In either (1) or (2), if the class loader L is unable to load a class or interface denoted by N for any reason, it must throw an instance of ClassNotFoundException.

Since JDK release 1.1, Oracle’s Java Virtual Machine implementation has invoked the loadClass method of a class loader in order to cause it to load a class or interface. The argument to loadClass is the name of the class or interface to be loaded. There is also a two-argument version of the loadClass method, where the second argument is a boolean that indicates whether the class or interface is to be linked or not. Only the two-argument version was supplied in JDK release 1.0.2, and Oracle’s Java Virtual Machine implementation relied on it to link the loaded class or interface. From JDK release 1.1 onward, Oracle’s Java Virtual Machine implementation links the class or interface directly, without relying on the class loader.

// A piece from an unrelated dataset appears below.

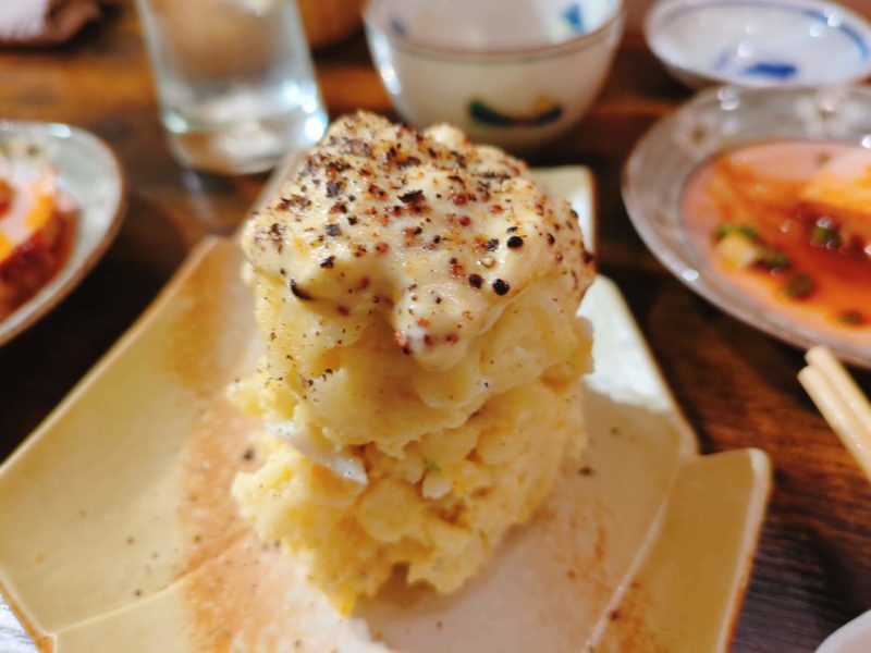 ゴロゴロと大きな芋感じる荒つぶしのジャガイモは薄味で、てっぺんのマヨ&ペッパーと調整しながらいただく

5.3.3. Creating Array Classes

The following steps are used to create the array class C denoted by N using class loader L. Class loader L may be either the bootstrap class loader or a user-defined class loader.

If L has already been recorded as an initiating loader of an array class with the same component type as N, that class is C, and no array class creation is necessary.

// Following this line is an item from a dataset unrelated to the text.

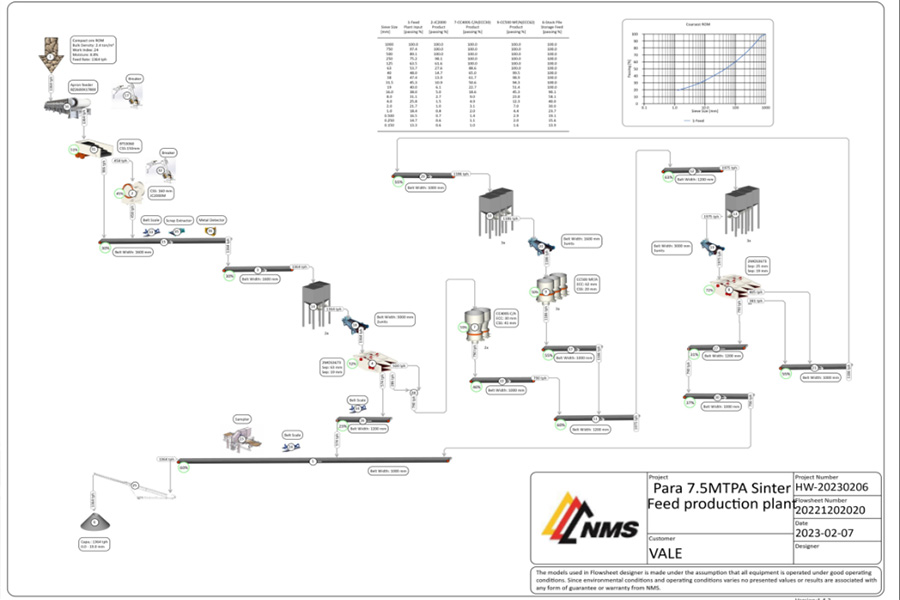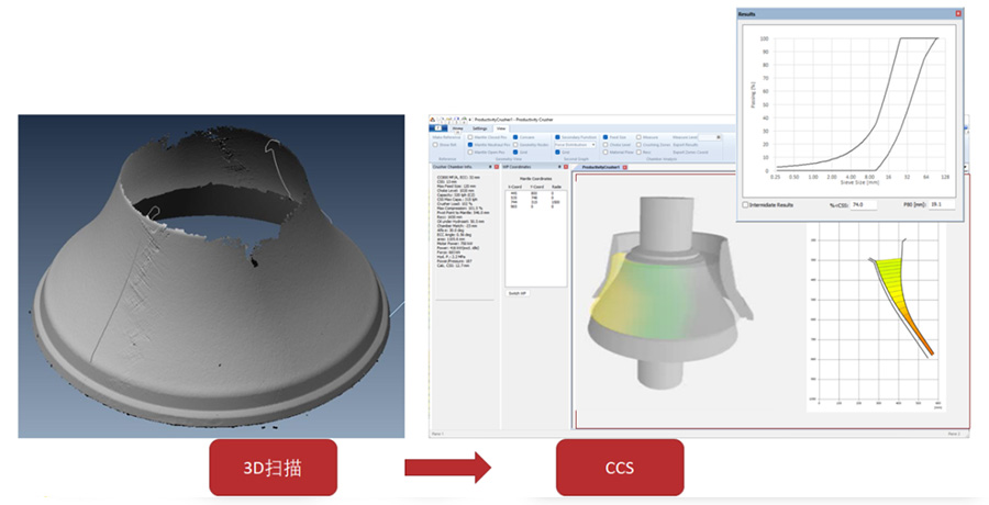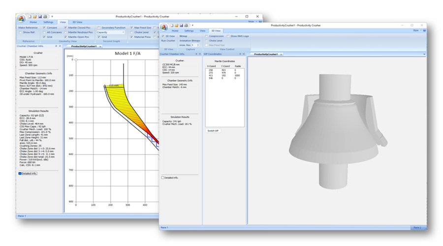 結(jié)合信息化技術(shù)開發(fā)出的一款具有自主知識(shí)產(chǎn)權(quán)的破碎機(jī)設(shè)計(jì)優(yōu)化模擬軟件Cone Crusher Simulator,配合NMS的流程設(shè)計(jì)軟件Flow sheet designer提供設(shè)備生產(chǎn)性能預(yù)測,為前期工藝流程設(shè)計(jì)中的設(shè)備選型提供有效的數(shù)據(jù)支撐,降低工藝設(shè)計(jì)期望與實(shí)際生產(chǎn)效果之間的差異。

Otherwise, the following steps are performed to create C:

  1. If the component type is a reference type, the algorithm of this section (§5.3) is applied recursively using class loader L in order to load and thereby create the component type of C.

  2. The Java Virtual Machine creates a new array class with the indicated component type and number of dimensions.

    If the component type is a reference type, C is marked as having been defined by the defining class loader of the component type. Otherwise, C is marked as having been defined by the bootstrap class loader.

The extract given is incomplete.